**Instructions for the task**
One exact copy of the listing is needed. It should contain no pictures.

**Input data**
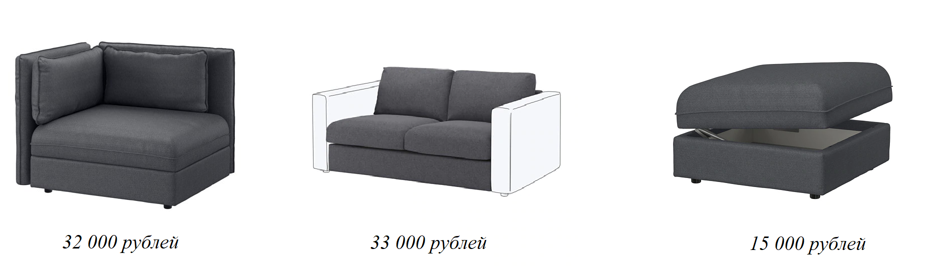 «Ландскруна» есть в обивке из ткани и из экокожи. Кожаные модели «Ландскруна» уже выходят за рамки средней ценовой категории. Например, белый из экокожи стоит 69 999 р. Среди текстильных есть модели от 35 999 руб. (за двухместный) и от 49 999 руб. (за трехместный).
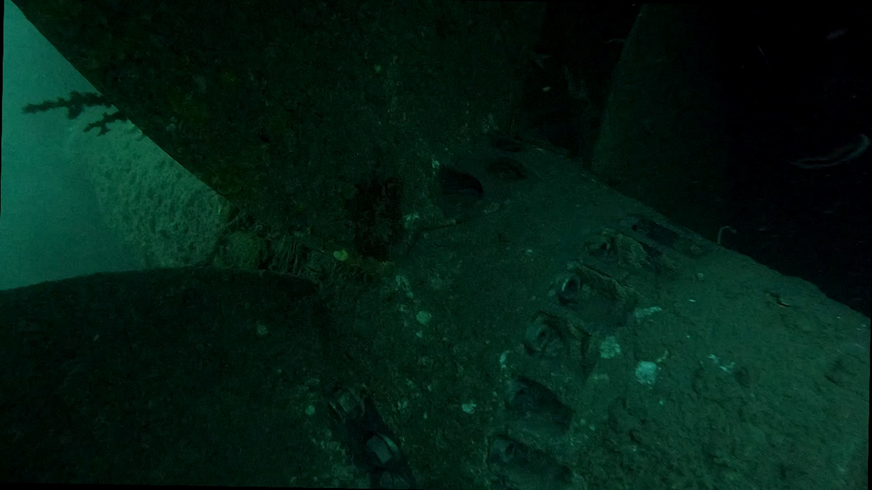 Later dives, however, identified signs of mechanical alteration. Observations included manipulated fasteners and attempts to loosen structural components associated with the propeller assembly. Photographic and video records documented multiple individuals operating from small wooden vessels positioned above the wreck site. Surface activity included the handling of ropes, lines, and deployed equipment. In several recordings, a diver was observed partially submerged near one of the vessels. Additional footage captured vessels maintaining proximity while equipment was managed at the surface. These combined observations suggest a coordinated salvage effort. Follow-up surveys confirmed that the propeller assembly had been removed. The now-empty propeller housing provides visible evidence of this alteration.
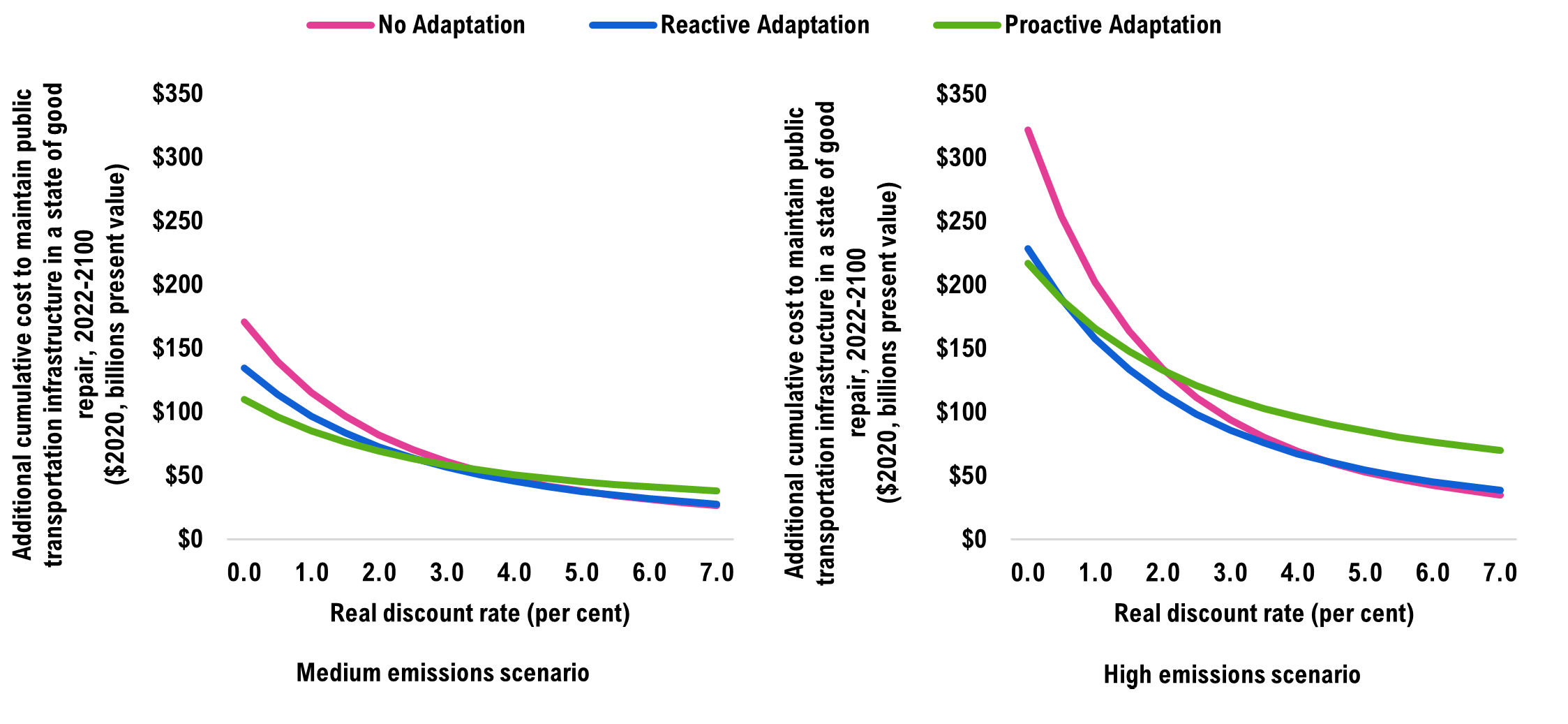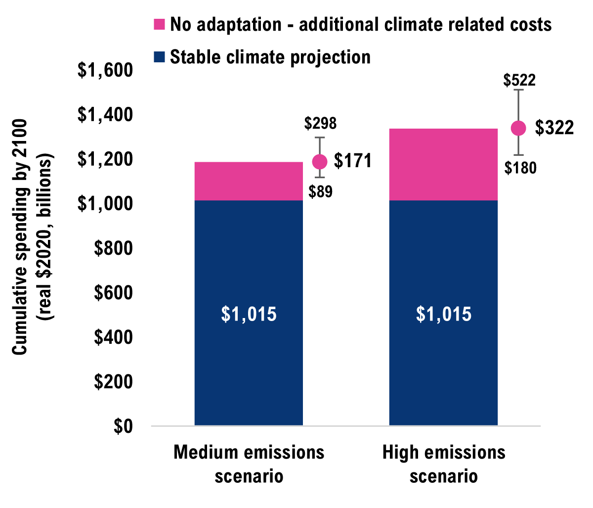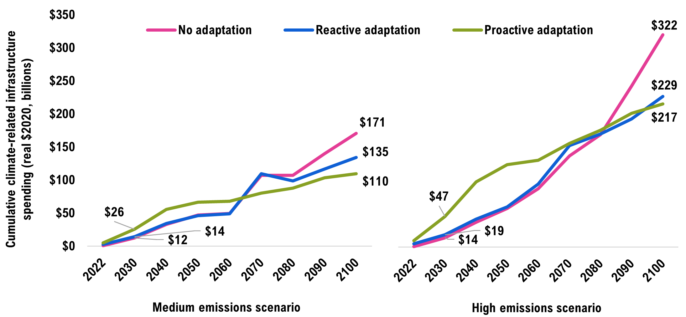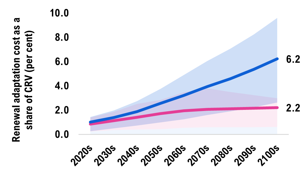 Note: The costs in this chart are based on the median (or 50th percentile) projection under each emissions scenario and are in addition to the baseline costs over the same period. For presentation purposes, the uncertainty bands are not shown in this figure.

**Completed task**
 «Ландскруна» есть в обивке из ткани и из экокожи. Кожаные модели «Ландскруна» уже выходят за рамки средней ценовой категории. Например, белый из экокожи стоит 69 999 р. Среди текстильных есть модели от 35 999 руб. (за двухместный) и от 49 999 руб. (за трехместный).
 Later dives, however, identified signs of mechanical alteration. Observations included manipulated fasteners and attempts to loosen structural components associated with the propeller assembly. Photographic and video records documented multiple individuals operating from small wooden vessels positioned above the wreck site. Surface activity included the handling of ropes, lines, and deployed equipment. In several recordings, a diver was observed partially submerged near one of the vessels. Additional footage captured vessels maintaining proximity while equipment was managed at the surface. These combined observations suggest a coordinated salvage effort. Follow-up surveys confirmed that the propeller assembly had been removed. The now-empty propeller housing provides visible evidence of this alteration.
 Note: The costs in this chart are based on the median (or 50th percentile) projection under each emissions scenario and are in addition to the baseline costs over the same period. For presentation purposes, the uncertainty bands are not shown in this figure.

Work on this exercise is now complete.